The Gorge Magazine - Spring 2018

Page 16

OUR GORGE : VENTURES

Yoga on the Inside A new program at NORCOR brings weekly yoga classes to inmates in The Dalles

STORY AND PHOTOS BY DAVID HANSON

B

e honest with yourself,” Shannon Red Cloud calmly implores her class of nine women in pink and orange outfits. “If you go into a position that is hurting you, don’t go so deep. Through that honesty is where change happens. As pretty or ugly as it is.” It’s surprisingly quiet in the recreation room of the adult complex at Northern Oregon Regional Correctional Facility in The Dalles. No distant cell doors clanking or orders being barked. There’s not even a guard in the room. Cinder block walls painted pale yellow rise more than 20 feet to the vaulted ceiling. The room’s back windows open onto a concrete courtyard with a basketball hoop and the same towering walls capped in chain-link fence.

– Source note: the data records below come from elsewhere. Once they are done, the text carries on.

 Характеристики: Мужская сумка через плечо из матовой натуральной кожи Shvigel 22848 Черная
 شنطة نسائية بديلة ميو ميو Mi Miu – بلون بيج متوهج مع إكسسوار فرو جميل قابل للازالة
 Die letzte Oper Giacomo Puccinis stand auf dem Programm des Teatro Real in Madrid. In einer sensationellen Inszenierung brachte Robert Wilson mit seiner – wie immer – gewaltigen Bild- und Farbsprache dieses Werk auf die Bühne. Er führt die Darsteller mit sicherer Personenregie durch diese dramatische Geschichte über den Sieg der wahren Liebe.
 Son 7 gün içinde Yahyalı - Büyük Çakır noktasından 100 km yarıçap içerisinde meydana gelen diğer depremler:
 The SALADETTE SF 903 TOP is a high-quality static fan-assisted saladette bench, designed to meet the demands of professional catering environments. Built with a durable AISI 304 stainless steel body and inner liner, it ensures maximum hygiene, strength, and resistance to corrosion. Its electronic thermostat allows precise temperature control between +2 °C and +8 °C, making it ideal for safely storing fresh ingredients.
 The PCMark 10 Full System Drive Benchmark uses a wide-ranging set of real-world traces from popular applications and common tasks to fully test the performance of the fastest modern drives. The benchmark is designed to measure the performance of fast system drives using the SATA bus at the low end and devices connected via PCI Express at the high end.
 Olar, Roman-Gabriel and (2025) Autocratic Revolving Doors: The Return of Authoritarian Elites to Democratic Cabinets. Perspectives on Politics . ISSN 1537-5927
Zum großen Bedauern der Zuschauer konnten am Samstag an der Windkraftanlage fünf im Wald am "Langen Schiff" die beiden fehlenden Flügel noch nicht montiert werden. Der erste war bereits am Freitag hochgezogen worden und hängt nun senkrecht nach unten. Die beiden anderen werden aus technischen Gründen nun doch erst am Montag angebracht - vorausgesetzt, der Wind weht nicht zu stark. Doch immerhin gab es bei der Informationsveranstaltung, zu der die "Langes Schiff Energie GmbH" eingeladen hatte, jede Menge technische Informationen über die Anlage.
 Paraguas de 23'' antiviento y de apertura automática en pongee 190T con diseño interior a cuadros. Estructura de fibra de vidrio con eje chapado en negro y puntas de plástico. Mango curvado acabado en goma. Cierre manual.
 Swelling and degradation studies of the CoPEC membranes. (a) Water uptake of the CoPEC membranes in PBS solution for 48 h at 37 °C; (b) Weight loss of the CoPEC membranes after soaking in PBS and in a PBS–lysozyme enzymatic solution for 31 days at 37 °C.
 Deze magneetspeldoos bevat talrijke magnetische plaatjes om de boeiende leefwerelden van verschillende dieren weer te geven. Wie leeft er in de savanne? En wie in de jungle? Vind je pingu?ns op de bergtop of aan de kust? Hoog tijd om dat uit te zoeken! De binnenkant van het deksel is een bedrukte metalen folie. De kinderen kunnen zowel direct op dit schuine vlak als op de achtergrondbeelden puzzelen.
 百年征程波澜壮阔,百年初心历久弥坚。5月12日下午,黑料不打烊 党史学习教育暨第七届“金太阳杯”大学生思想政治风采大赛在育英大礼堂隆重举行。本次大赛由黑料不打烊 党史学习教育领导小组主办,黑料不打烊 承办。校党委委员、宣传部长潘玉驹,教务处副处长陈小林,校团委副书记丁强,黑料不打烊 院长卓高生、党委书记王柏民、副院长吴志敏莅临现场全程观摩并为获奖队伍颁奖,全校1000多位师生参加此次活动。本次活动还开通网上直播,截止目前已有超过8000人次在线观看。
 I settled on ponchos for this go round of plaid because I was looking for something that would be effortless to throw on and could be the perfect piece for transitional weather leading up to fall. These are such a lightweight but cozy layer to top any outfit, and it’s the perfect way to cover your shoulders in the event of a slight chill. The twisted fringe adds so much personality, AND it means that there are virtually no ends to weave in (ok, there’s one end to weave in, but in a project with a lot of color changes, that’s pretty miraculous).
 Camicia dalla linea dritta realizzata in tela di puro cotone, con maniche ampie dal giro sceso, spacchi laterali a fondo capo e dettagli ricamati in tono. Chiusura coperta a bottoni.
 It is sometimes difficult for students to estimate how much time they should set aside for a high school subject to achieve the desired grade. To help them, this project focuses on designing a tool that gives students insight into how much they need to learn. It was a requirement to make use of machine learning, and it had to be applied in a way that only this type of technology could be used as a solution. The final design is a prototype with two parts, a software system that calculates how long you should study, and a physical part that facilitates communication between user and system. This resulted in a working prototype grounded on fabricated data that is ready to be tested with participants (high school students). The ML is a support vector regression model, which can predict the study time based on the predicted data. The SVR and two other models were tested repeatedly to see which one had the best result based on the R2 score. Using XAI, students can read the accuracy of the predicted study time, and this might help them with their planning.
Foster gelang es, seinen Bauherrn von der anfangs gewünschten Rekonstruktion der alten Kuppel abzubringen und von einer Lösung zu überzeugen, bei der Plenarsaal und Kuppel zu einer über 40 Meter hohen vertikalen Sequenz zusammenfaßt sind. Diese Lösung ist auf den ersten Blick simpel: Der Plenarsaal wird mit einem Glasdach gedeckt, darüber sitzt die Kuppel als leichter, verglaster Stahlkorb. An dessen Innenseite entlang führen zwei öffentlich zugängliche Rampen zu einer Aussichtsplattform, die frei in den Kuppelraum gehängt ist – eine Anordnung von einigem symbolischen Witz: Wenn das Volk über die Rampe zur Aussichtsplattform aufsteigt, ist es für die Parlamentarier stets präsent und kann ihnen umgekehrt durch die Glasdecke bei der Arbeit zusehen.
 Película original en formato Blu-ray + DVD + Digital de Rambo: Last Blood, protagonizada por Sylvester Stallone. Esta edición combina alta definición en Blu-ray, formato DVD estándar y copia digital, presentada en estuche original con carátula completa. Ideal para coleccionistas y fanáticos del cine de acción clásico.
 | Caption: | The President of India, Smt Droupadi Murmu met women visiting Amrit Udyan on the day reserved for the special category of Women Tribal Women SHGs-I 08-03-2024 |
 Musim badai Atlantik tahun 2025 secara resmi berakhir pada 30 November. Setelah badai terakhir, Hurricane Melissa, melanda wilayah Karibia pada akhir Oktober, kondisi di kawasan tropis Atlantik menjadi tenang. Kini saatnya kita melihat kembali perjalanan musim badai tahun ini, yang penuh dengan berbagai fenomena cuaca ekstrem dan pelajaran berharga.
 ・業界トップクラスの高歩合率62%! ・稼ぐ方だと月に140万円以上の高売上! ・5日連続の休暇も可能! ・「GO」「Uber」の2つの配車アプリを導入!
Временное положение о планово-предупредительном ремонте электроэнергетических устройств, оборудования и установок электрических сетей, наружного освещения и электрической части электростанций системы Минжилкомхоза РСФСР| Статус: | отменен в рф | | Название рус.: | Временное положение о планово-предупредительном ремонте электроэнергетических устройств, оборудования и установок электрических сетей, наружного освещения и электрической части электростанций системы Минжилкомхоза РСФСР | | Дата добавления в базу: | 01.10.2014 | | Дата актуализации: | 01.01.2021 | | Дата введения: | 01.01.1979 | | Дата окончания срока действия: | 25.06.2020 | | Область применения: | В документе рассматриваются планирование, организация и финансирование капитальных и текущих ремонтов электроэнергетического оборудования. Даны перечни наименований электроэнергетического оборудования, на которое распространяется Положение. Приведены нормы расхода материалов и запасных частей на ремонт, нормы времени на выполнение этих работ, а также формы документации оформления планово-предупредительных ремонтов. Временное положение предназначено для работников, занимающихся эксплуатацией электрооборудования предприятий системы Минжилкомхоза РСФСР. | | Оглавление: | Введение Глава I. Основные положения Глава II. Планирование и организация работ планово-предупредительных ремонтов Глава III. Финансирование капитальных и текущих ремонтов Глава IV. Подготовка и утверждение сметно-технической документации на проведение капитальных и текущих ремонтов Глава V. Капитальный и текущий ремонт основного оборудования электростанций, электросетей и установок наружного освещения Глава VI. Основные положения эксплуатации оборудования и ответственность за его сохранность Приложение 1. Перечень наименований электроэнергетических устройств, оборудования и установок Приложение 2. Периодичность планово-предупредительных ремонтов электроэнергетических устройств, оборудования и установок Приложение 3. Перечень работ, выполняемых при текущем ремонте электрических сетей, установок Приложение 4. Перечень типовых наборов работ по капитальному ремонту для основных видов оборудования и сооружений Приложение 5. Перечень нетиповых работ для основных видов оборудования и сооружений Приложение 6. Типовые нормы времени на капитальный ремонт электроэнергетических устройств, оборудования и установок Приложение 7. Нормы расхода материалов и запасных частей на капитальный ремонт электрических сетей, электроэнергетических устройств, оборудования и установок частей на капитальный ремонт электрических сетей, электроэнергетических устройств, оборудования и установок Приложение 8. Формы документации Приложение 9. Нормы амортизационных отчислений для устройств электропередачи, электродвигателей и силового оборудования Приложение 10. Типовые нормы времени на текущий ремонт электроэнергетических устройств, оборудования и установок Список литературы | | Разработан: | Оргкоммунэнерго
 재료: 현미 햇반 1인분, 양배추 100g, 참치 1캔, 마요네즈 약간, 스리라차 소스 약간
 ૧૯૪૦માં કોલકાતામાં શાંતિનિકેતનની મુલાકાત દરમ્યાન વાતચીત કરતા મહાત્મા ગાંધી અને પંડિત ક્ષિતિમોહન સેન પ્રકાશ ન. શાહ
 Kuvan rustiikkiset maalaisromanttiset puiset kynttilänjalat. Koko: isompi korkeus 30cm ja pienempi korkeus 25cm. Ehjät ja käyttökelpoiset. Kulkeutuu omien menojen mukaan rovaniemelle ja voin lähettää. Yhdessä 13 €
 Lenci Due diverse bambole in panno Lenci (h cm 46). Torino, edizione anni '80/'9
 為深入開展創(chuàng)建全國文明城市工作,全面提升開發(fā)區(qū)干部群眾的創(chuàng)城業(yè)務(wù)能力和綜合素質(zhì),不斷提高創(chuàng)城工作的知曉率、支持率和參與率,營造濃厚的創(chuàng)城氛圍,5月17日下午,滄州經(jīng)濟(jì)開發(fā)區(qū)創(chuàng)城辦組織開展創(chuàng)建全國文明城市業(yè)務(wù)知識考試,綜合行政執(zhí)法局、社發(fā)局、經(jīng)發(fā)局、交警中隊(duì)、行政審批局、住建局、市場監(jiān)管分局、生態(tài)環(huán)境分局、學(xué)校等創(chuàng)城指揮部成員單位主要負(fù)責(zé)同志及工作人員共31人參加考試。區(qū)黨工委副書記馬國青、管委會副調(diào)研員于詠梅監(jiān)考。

Other than the ceiling fence and the overly bright fluorescent lighting, this could be a yoga studio anywhere in America. Red Cloud’s calm, soft voice shares a message familiar to most of the 35 million Americans who practice yoga: be present, make adjustments, get a little better each time. But in here, behind these locked doors, her words take on a deeper significance with the women who have chosen to come to the Friday afternoon class.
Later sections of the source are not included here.